Exercise requirements
Transcribe the listing below verbatim, omitting pictures.

═══ Collected material

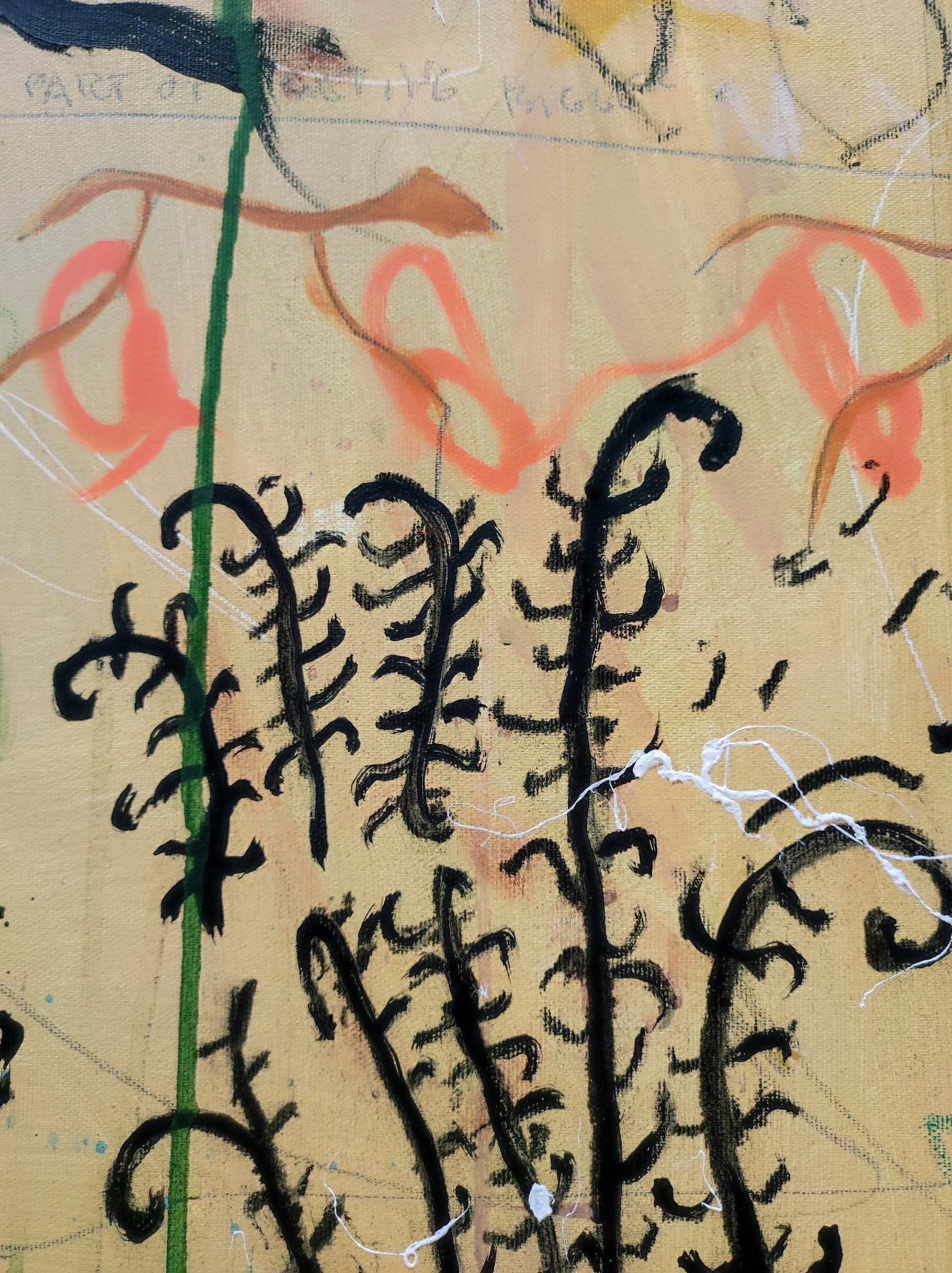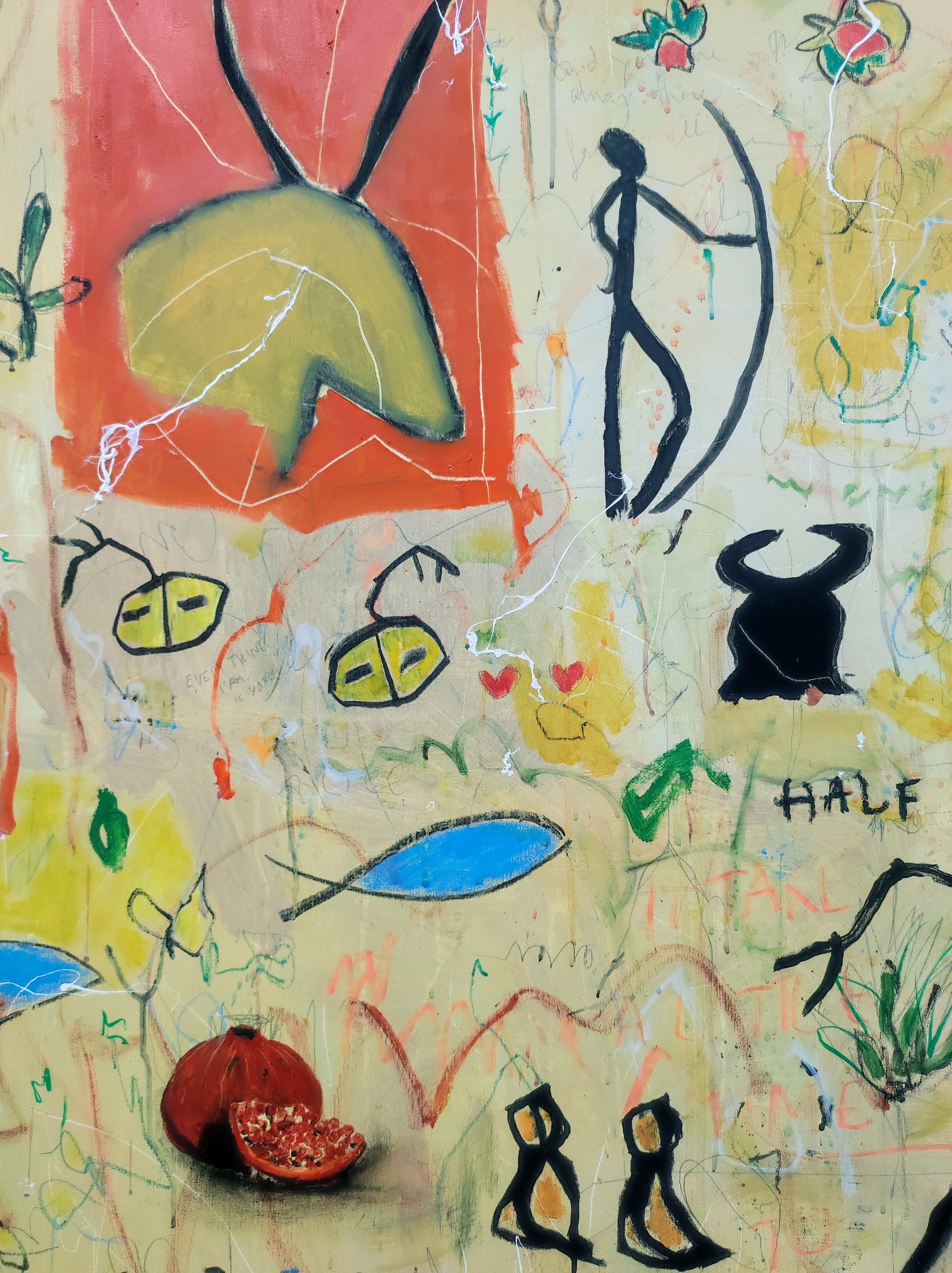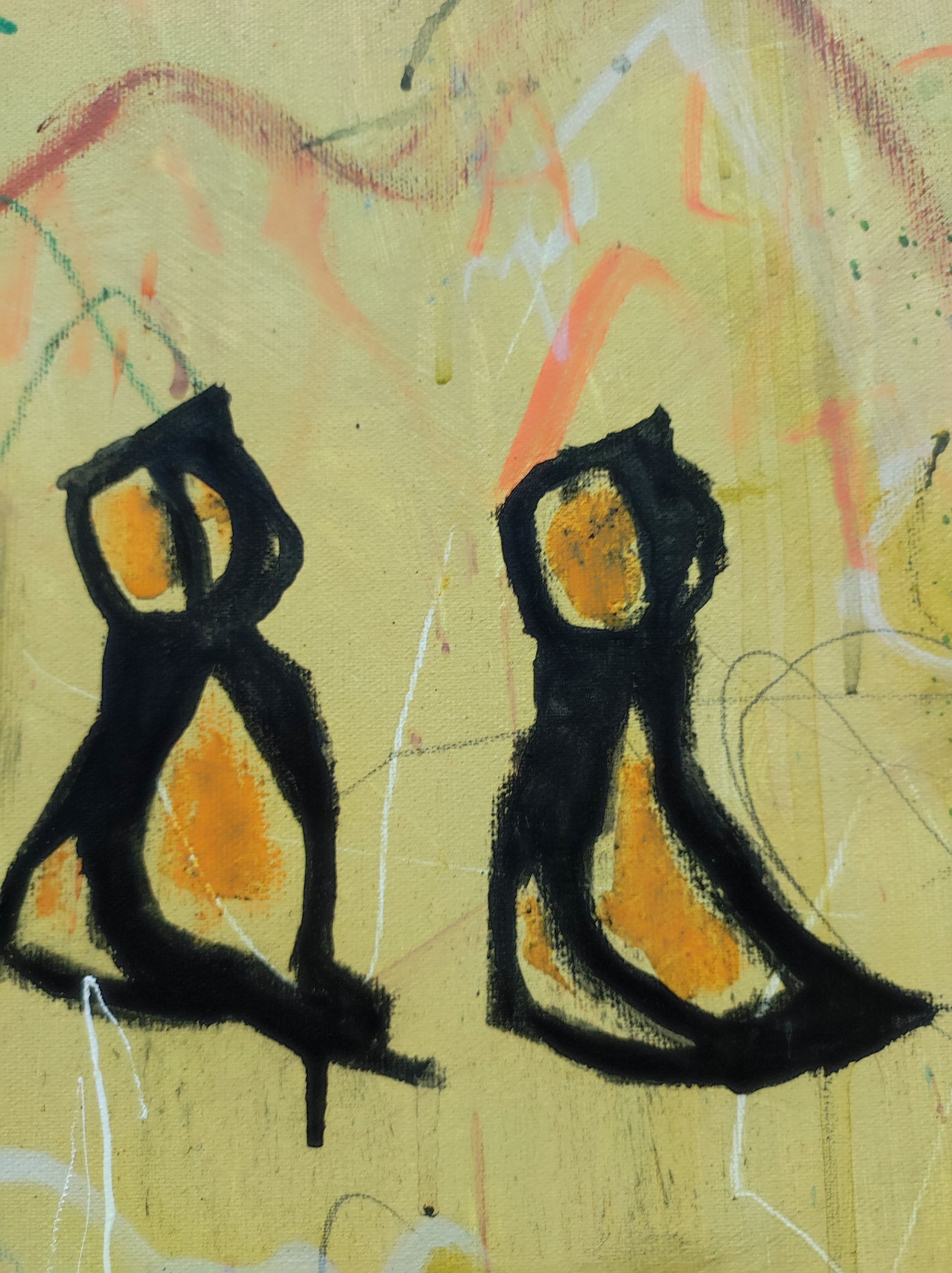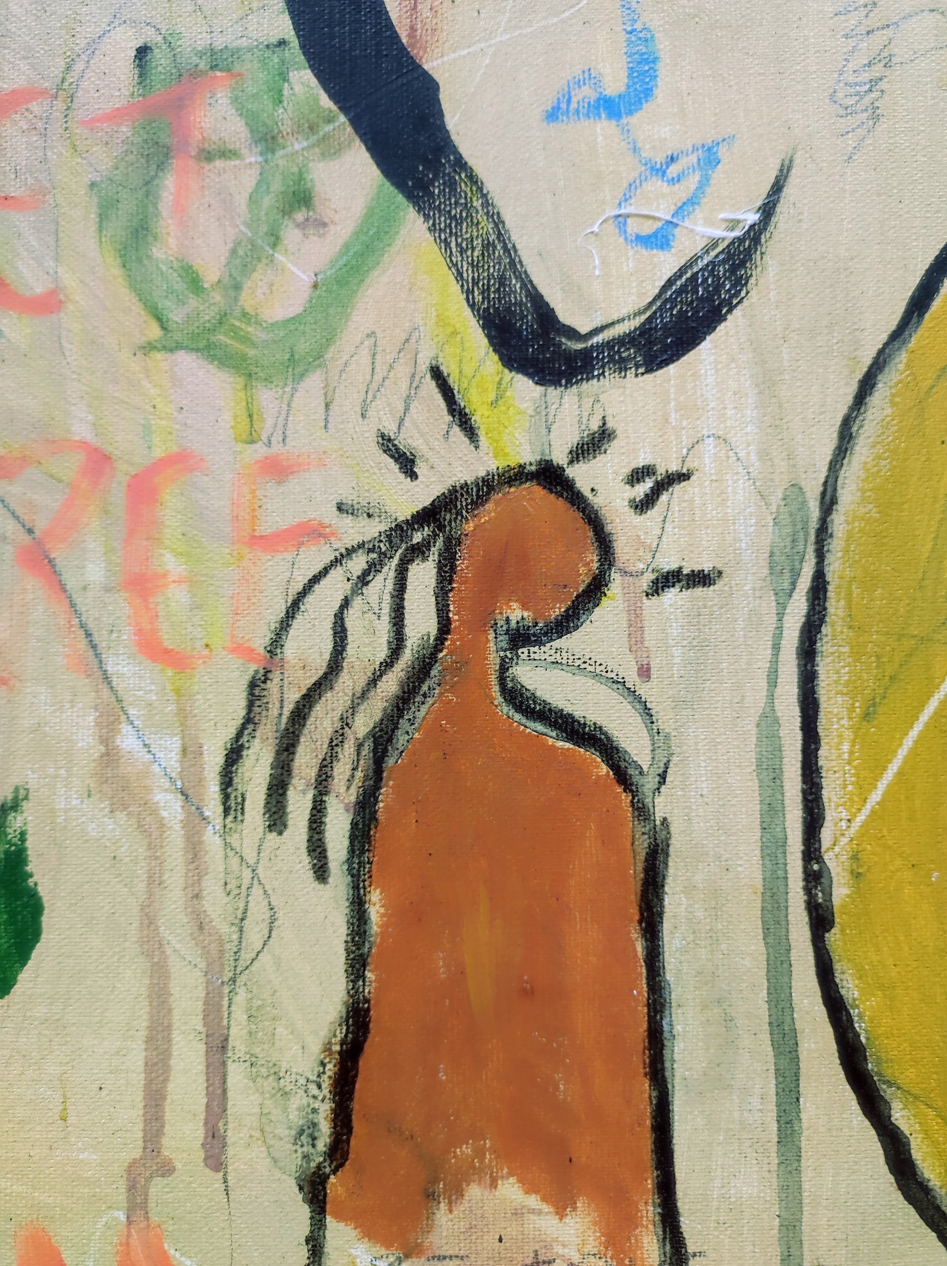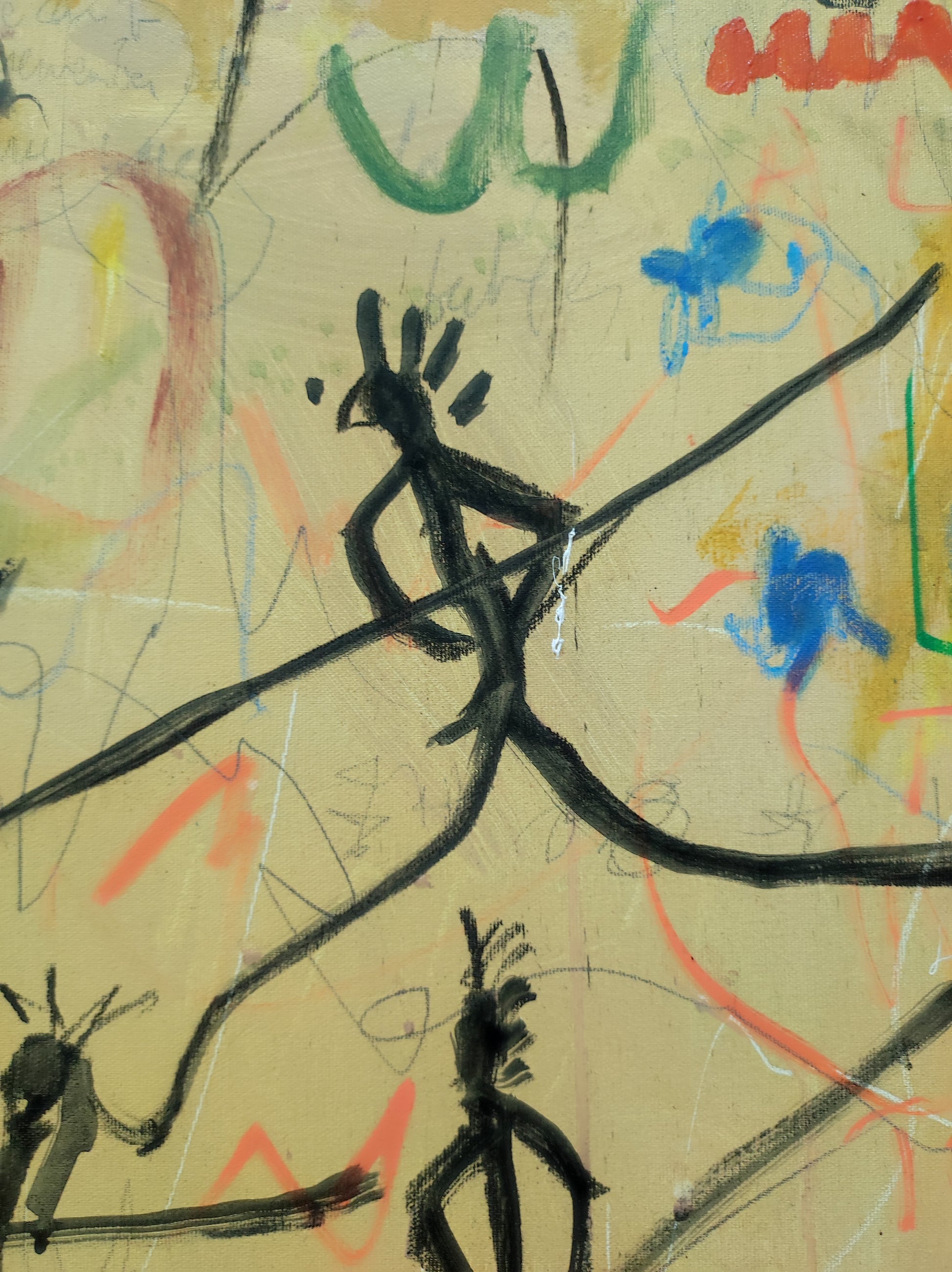 Técnica: acrílico, pigmentos, lápiz y carboncillo.
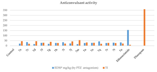 The study of the anticonvulsant activity of hybrids 7a–u was assessed by evaluating the antagonism to pentylenetetrazole (PTZ), thiosemicarbazide convulsive seizures, and maximal electroshock-induced seizures (MES) [29,30,31,32,33]. The PTZ-induced test is considered an experimental model for the clonic component of epilepsy seizures and the prognostic anxiolytic activity of the compounds. PTZ is a common convulsive agent used in animal models to investigate the mechanisms of seizures. The model of thiosemicarbazide (TSC) seizures (affecting the exchange of GABA) causes clonic seizures similar to pentylenetetrazole ones. The MES test is used as an animal model for the generalization of tonic seizures in epilepsy [34,35]. The neurotoxicity and side effects of the compounds (movement coordination disorder, myorelaxation, and ataxia) were also studied on mice with the “rotating rod”[29] test.
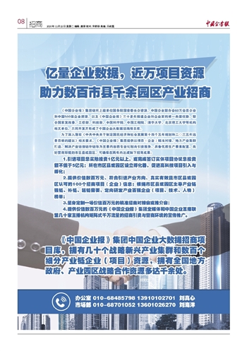 版权声明:《中国企业报》刊发的所有作品,版权均属于中国企业报社。未经报社书面授权,任何单位及个人不得将《中国企业报》刊发的内容用于商业用途。如进行转载、摘编,必须在报社书面授权范围内使用,并注明作品来源"中国企业报"以及相关作者信息。

══════

Answer for the task
 Técnica: acrílico, pigmentos, lápiz y carboncillo.
 The study of the anticonvulsant activity of hybrids 7a–u was assessed by evaluating the antagonism to pentylenetetrazole (PTZ), thiosemicarbazide convulsive seizures, and maximal electroshock-induced seizures (MES) [29,30,31,32,33]. The PTZ-induced test is considered an experimental model for the clonic component of epilepsy seizures and the prognostic anxiolytic activity of the compounds. PTZ is a common convulsive agent used in animal models to investigate the mechanisms of seizures. The model of thiosemicarbazide (TSC) seizures (affecting the exchange of GABA) causes clonic seizures similar to pentylenetetrazole ones. The MES test is used as an animal model for the generalization of tonic seizures in epilepsy [34,35]. The neurotoxicity and side effects of the compounds (movement coordination disorder, myorelaxation, and ataxia) were also studied on mice with the “rotating rod”[29] test.
 版权声明:《中国企业报》刊发的所有作品,版权均属于中国企业报社。未经报社书面授权,任何单位及个人不得将《中国企业报》刊发的内容用于商业用途。如进行转载、摘编,必须在报社书面授权范围内使用,并注明作品来源"中国企业报"以及相关作者信息。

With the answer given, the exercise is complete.